Worshippers, Israel police clash at Al-Aqsa over Koran

Worshippers, Israel police clash at Al-Aqsa over Koran

JERUSALEM - Agence France-Presse
Worshippers, Israel police clash at Al-Aqsa over Koran

Israeli riot police use stun grenades during clashes with Palestinian demonstrators at Jerusalem's al-Aqsa mosque compound following Friday prayers on March 8, 2013. AFP Photo

Palestinians enraged by reports that an Israeli policeman mishandled a Koran battled riot officers at Jerusalem's Al-Aqsa mosque compound with stones and petrol bombs on Friday, police and witnesses said.
 
Police spokesman Micky Rosenfeld said that about 100 protesters, many of them masked, attacked police who fired stun grenades in response.
 
"Petrol bombs were thrown at police," he told AFP. "Several police officers were injured by stones that were thrown and were evacuated to hospital." An AFP journalist at the scene said the clash was triggered by Palestinian media allegations that a policeman at the compound, one of Islam's holiest sites, on Sunday kicked a holy book and trampled on it.
 
"That's completely incorrect," Rosenfeld said, adding that the Koran in question was being held by one of a group of women seeking to block a visit to the compound by Israelis when the book fell by accident.
 
"They blocked them with a bench and one of the women who was sitting on the bench was reading a Koran," he said.
 
"When the bench was removed from the area the Koran fell on the floor.
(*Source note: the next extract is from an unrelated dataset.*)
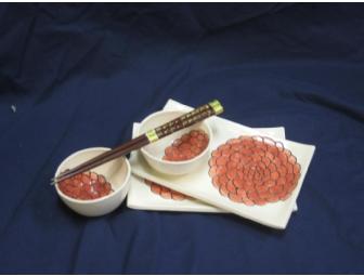 The Treehouse Green Gifts does its part to improve the natural world by committing to green business principles in their operations as well as their product selection. Their items are produced by hand one at a time, and are often produced by a single artisan, whose pieces tend to be slightly different due to their unique nature. Bid now and see the beauty of this Handmade Ceramic Sushi Tray set from Treehouse Green Gifts!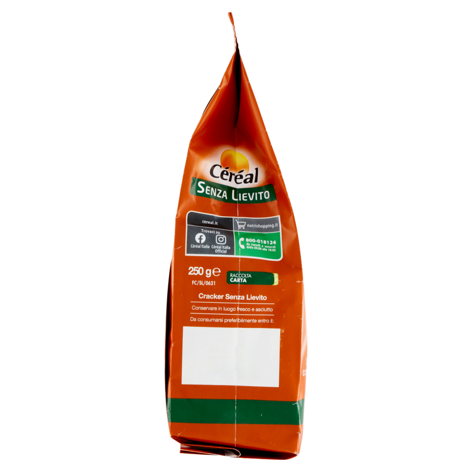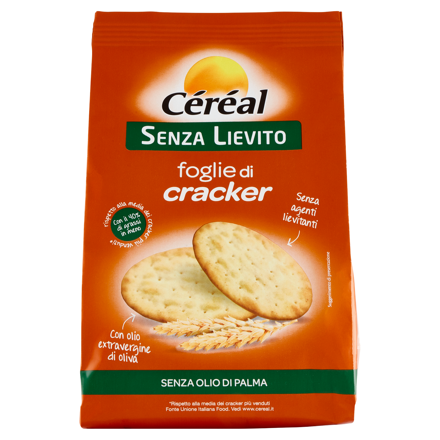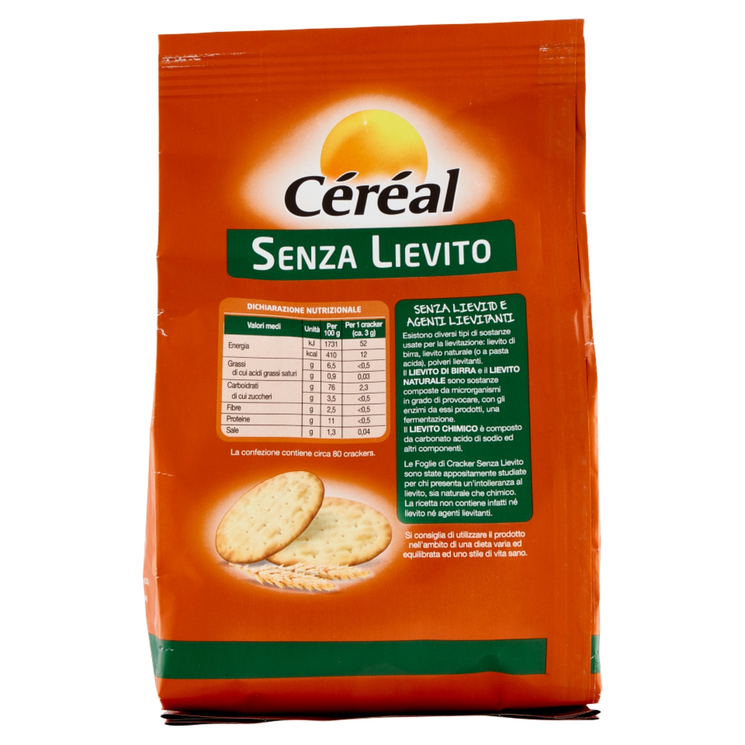 Senza lievito e agenti lievitanti Esistono diversi tipi di sostanze usate per la lievitazione: lievito di birra, lievito naturale (o a pasta acida), polveri lievitanti. Il Lievito di Birra e il Lievito Naturale sono sostanze composte da microrganismi in grado di provocare, con gli enzimi da essi prodotti, una fermentazione. Il Lievito Chimico è composto da carbonato acido di sodio ed altri componenti. Le Foglie di Cracker Senza Lievito sono state appositamente studiate per chi presenta un'intolleranza al lievito, sia naturale che chimico. La ricetta non contiene infatti né lievito né agenti lievitanti. Si consiglia di utilizzare il prodotto nell'ambito di una dieta varia ed equilibrata ed uno stile di vita sano. Céréal si impegna per voi Le Foglie di Cracker Senza Lievito Céréal sono prodotte con la massima cura: - senza lievito e agenti lievitanti - con il 40% di grassi in meno rispetto alla media dei cracker più venduti* - con olio extravergine di oliva - con ingredienti e metodi di produzione che garantiscono la naturalezza del prodotto *Rispetto alla media dei cracker più venduti Fonte Unione Italiana Food. Vedi www.cereal.it

The Koran was picked up and returned to the lady and there was no misconduct by any of the police." Tensions at the site have run high for weeks as worshippers staged protests in solidarity with Palestinians on hunger strike in Israeli prisons.
 
Anger was stoked even further last month when Palestinian Arafat Jaradat, 30, died in Israeli custody after being interrogated by the Shin Bet internal security service.
 
In the West Bank village of Abud, northwest of Ramallah, about 1,000 mourners attended the funeral of a local man who died Thursday of head injuries after being shot by Israeli troops with a rubber bullet two weeks ago during a protest over Jaradat's death, which Palestinian officials said was caused by torture.
 
Israel says further forensic tests are needed to determine the cause of Jaradat's death.
 
An army spokeswoman said that after Friday's burial of Mohammed Asfour about 100 people hurled stones at security forces, who responded with "riot dispersal means." An AFP photographer said soldiers fired tear gas and rubber-coated metal bullets but there were no immediate reports of injuries.